Al mismo tiempo que 23 millones de kilos entraban por un sitio, 700 ibéricos salían por otro (448 cañas de lomo; 296 jamones y paletillas). El robo ibérico en Villanueva de Córdoba, detenidos en Getafe, alcanzaba los 20.000 euros. Entre jamones y galletas, leche y tintorro, anda la cosa. No todos los jamones, cuentan, era para su venta, también había de cortesía, que es otro Banco de Alimentos entre conocidos y amigotes con puro, pero, como siempre quiso el clásico: «Quien regala lo que roba, ni roba ni regala». Pobres jamones. Pobres galletas.

Es curioso el dato («dato mata a relato», dicen ahora los cursis): la mayoría de los clientes de los Bancos de Alimentos, en un tanto por ciento que supera ampliamente la mitad, son trabajadores. Obreros a los que un pico en la hipoteca, de doscientos o trescientos pavos, descuadra y derrumba. Obreros que no llegan a fin de mes. Obreros que trabajan y son pobres. Gente de bien.

Mojaba yo mi galleta de luto, en un vaso de leche negra, por los jamones fugados, mientras veía la excelente entrevista de Álvaro Nieto a Cebrián (Janli) y Espada (Arcadi). En uno de los momentos estelares, dice Arcadi que estamos en un periodismo de sablistas, muy de Cansinos Assens en La novela de un literato, con Gálvez paseándose con el hijo muerto en una caja de zapatos y pidiendo limosna para el entierro. Cebrián reía y explicaba a su modo la máxima de Polanco durante años: «El periódico, para ser independiente, tiene que ser rentable» (se puede ahondar en la biografía de Mercedes Cabrera o Juan Cruz). Aquel glorioso mundo de sablistas, bohemios, vocaciones sin hora, profesiones sin sueldo, proletarios de levita, quedó espléndidamente recogida en Cronistas bohemios (Taurus), de Miguel Ángel del Arco, tinta y sed.

España tiene ya su mercado negro de jamones, leche y galletas. El robo y la dádiva se abrazan en los incontables. Hay quien recoge galletas para revenderlas, como una entrada de concierto, y quien regala jamones para cobrarlos sin dinero. Me cuentan, incluso, que en las casas de empeños están encantados con el Bono Cultural, topado en 400 euros, distribuido en más de dos mil comercios, y donde 200 pavos son para conciertos y artes escénicas, incluyendo entradas a museos y festivales; otros 100 para productos culturales en soporte físico, libros, cedés, videojuegos; los últimos 100 para consumo digital o suscripciones. Llegan a las casas de empeño con todo ello en la misma caja de zapatos para el bebé muerto de Gálvez, la pegatina de la tienda sin despegar y plastificados como en el mejor ajuar funerario. Buscan lo mismo que el jamón: pasta, metal, euros calientes, billetes nuevos, nada de peso en el bolso.

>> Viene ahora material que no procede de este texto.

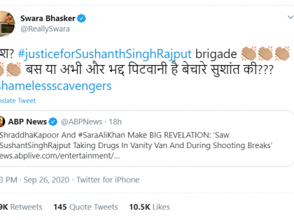 सुशांत सिंग राजपूतने गेल्या 14 जूनला जगाला अलविदा म्हटले. सुशांतच्या मृत्यूला 3 महिन्यांपेक्षा अधिक काळ लोटला पण अद्यापही त्याच्या मृत्यूचे गूढ कायम आहे. सुशांत प्रकरणाचा तपास करता करता एनसीबी बॉलिवूडच्या ड्रग्ज कनेक्शनपर्यंत पोहोचली आणि सुशांत प्रकरणावरून सगळा फोकस बॉलिवूडच्या या ड्रग्ज प्रकरणावर केंद्रीत झाला. ड्रग्ज प्रकरणी दीपिका पादुकोण, सारा अली खान, श्रद्धा कपूर, रकुल प्रीत सिंह या बड्या अभिनेत्रींची नावे समोर आल्यानंतर तर खळबळ माजली. या अभिनेत्रींच्या एनसीबी चौकशीत पुन्हा एकदा सुशांतचे नाव समोर आले. सुशांत व्हॅनिटी व्हॅनमध्ये ड्रग्ज घ्यायचा, असा खुलासा सारा व श्रद्धाने चौकशीत केला. या पार्श्वभूमीवर आता अभिनेत्री स्वरा भास्करने प्रतिक्रिया दिली आहे. स्वराने एक न्यूज आर्टिकल शेअर करत, काहीशा नाराजीच्या सूरात ट्विट केले.

Una sobredosis de leche y galletas, sin jamones ni cañas de lomo, sin libros ni cedés, nos hará mucho más inteligentes a todos. Un tío que moja una galleta en un vaso de leche, despacio y a su bola, es otro lúcido calculador. El periodista del futuro será el cliente que llega al bar, bien vestido y sonriente, y pregunta cuánto vale un café con leche. Euro y medio, caballero. ¿Y solo, por favor? Lo mismo caballero: euro y medio. ¿No cobran entonces ustedes la leche? No, caballero. Ah, bueno, gracias, entonces, si es tan amable, póngame un vaso de leche con una galleta. Todos, sí, con un vaso de leche entre las manos y una galleta seremos alguien interesante a ojos ajenos. Los hipsters montaron lo suyo con las gafas del abuelo, alguna infusión y una camisa a cuadros de bazar oriental o por ahí. No tenían para jamón, la mayoría, y masticaban la galleta a plazos.

La España que funciona debería dar en los Bancos de Alimentos jamones grandes y cañas de lomo kilométricas, con vino bueno, cerveza cara y pan de masa madre. El obrero bien alimentado rendiría el doble, el triple, el cuádruple. El obrero bien alimentado no pediría vacaciones. Volverían los piropos a las mujeres guapas por la calle, volvería el obrero cantarín y divertido, en esa música de buenas ganancias y mejores chapuzas. Con una galleta en el estómago la única viga que puede levantarse es la del suicidio. Un trago de leche caliente invita al sueño y no al tajo duro.

Se olvidaron los sabios de la tribu (Espada, Nieto, Cebrián) que cierto grupo informativo (los del toro, los del vino) pagaba a los tertulianos con jamones. José María García lo contó: le llegaban amigos con bonos de un respetable centro comercial, para que los comprase por la mitad de lo que valían. 600 euros. Compró varios, porque García es generoso, y seguro que el monto fue todo para un Banco de Alimentos de gente que nunca probó el jamón ni vio el mar. Hay más sable por arriba que por abajo. Al fin y al cabo, en una pobre camioneta de jamones o galletas, no cabe lo que otros sacaron por el cajero automático en una sola noche de farra. Pedro Luis de Gálvez hoy no pisaría la rúa ni ciego de leche. Despacho y móvil.